So, too, with the navigation of the Bay of Bengal. While not so severe in any sense as that of Cape Horn, it is difficult, teasing, and calling for constant watchfulness. Men who go that way only occasionally will make a good passage of, say, from eighty to a hundred days on one voyage, and then with the same ship, a year or two after, make a passage that causes the owner to gnash his teeth as he cons the portage bill. But to the men who used to sail there regularly how nearly an exact science did their navigation of that baffling bay become! One especially comes to my mind—Thomas Potts, of Messrs. Brocklebank's famous old East-India line. Dozens of that old worthy's log-books have passed through my hands, with their fair, unblotted entries of business-like procedure from day to day. And so regular seemed the rate of sailing that I once took the trouble to compile an average of his passages out and between Liverpool and Calcutta for six years, and I found it to be eighty-five days; a perfectly marvellous achievement in the eyes of a seaman.
Of course, such splendid work as this presupposes a speedy ship. While it is perfectly true that seamanship and diligence on the part of the master can do great things in the way of passage-making even with a sluggish vessel, yet it is heart-breaking work. And when, tired of the never-ending struggle against adverse circumstances, the master becomes listless and slack in his attentions, the result in such a vessel is that she becomes overdue, and underwriters gamble feverishly on the prospects of her non-arrival. Such vessels are still to be met with in goodly numbers, not all obsolete ships either. One, for instance, that I have in mind at the present moment, a huge steel ship not a dozen years old, whose last few passages have been the cause of immense sums changing hands among underwriters owing to her being continually overdue. Another smart-looking barque that I saw in Auckland, New Zealand, once, was actually eight months on the passage from Liverpool thither, having apparently been taken into regions of almost perpetual calm, whence it was a miracle that she ever emerged.
Between these two extremes of swiftness and slowness come all the host of mediocrities, making passages of average length, speedy enough to prevent owners grumbling, yet not sufficiently smart to call for any praise. As in all other professions, these are the vast majority; and the masters who thus quietly perform their duty without hope of honourable mention are none the less worthy because they do not, cannot, do anything that shall cause their names to be remembered among seamen as the élite of the profession.

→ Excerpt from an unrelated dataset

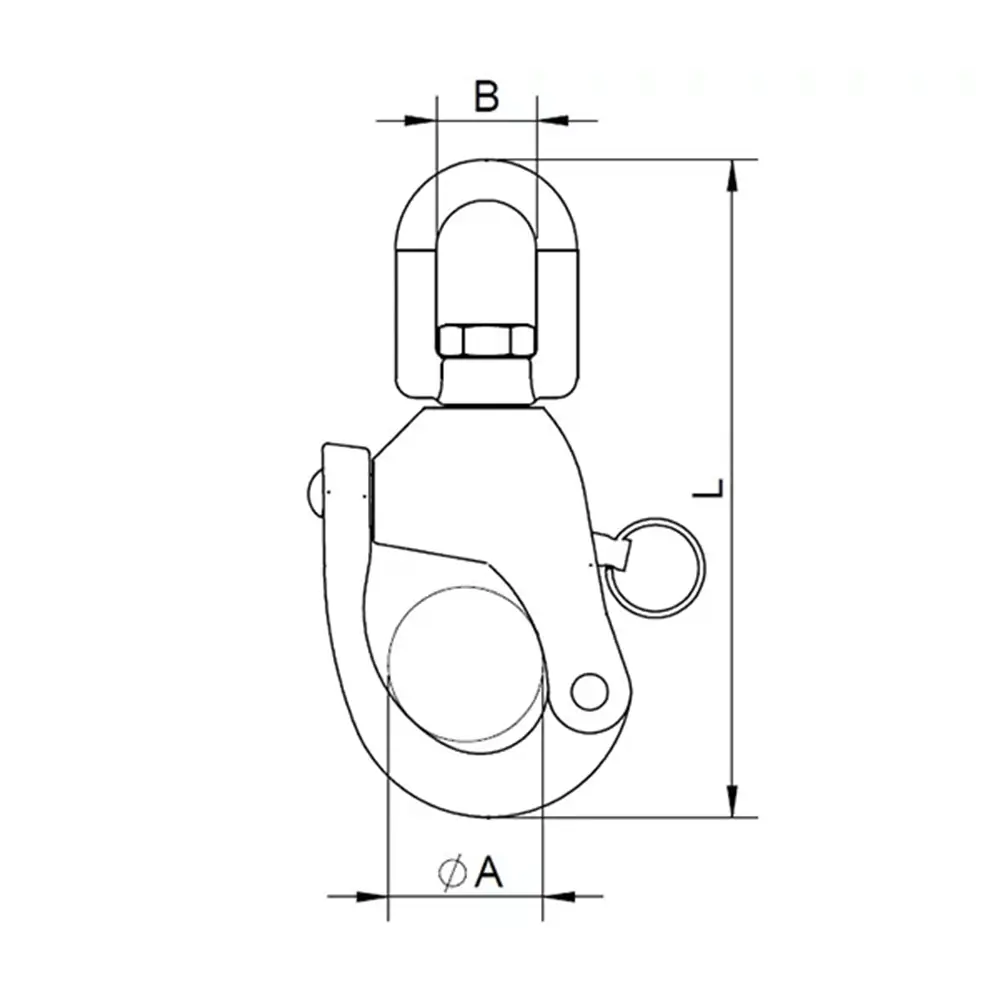 Dimensions and Specifications of 125mm Stainless Steel Swivel Snap Shackle – Ropes up to 16mm

THE MASTER (SAILING SHIPS)—continued.
Hitherto I have endeavoured to pass lightly over the sailing ship master's work in making passages, only showing the superior side of these responsible men's characters. But if I were to go no farther in this direction, many masters would rightly feel much aggrieved. They would not feel satisfied that the public should imagine that they were all alike excellent, and that the training and experience necessary for the command of a ship always succeeded in turning out a man who was really fit for the post he is called upon to occupy. Besides, the picture would be a false one. Far too many masters, having once obtained command, instead of utilizing their extended opportunities of showing their fitness for such a post, just settle down on their lees and become indolent, careless, and consequently worthless. It must be granted that the temptation is great to a man not naturally energetic. Once freed from the oversight and control of his owners or their agents, and out upon the sea, he is in the position of an almost absolute monarch. His officers are anxious to gain his good word, since upon it depends their future.
This statement needs some explanation. By a rule of the Board of Trade, every officer coming up for examination in order to take a certificate of a higher grade must produce written testimonials from the master he has served with. Wanting these, he is not allowed to enter for the examination at all. Now, as by the common law no master is bound to give his servant a character, it follows that a shipmaster need only withhold that essential scrap of paper from an aspiring officer to put an effectual bar before his rising any higher. I do not profess to criticize the wisdom of this enactment, I merely state the facts as they are. And as an instance of how this power is regarded by shipmasters, I may mention that, recently writing upon the subject in the press, I received an indignant letter from a shipmaster, who said that if all shipmasters did their duty there would be far fewer officers obtain certificates than there are now. Also that no good officer need fear such treatment at the hands of any shipmaster—which was manifestly absurd, since among shipmasters, as amongst all other classes of men, there must be both bad and good, and the temptation to use arbitrary power like that is far too great to be resisted by a bad man.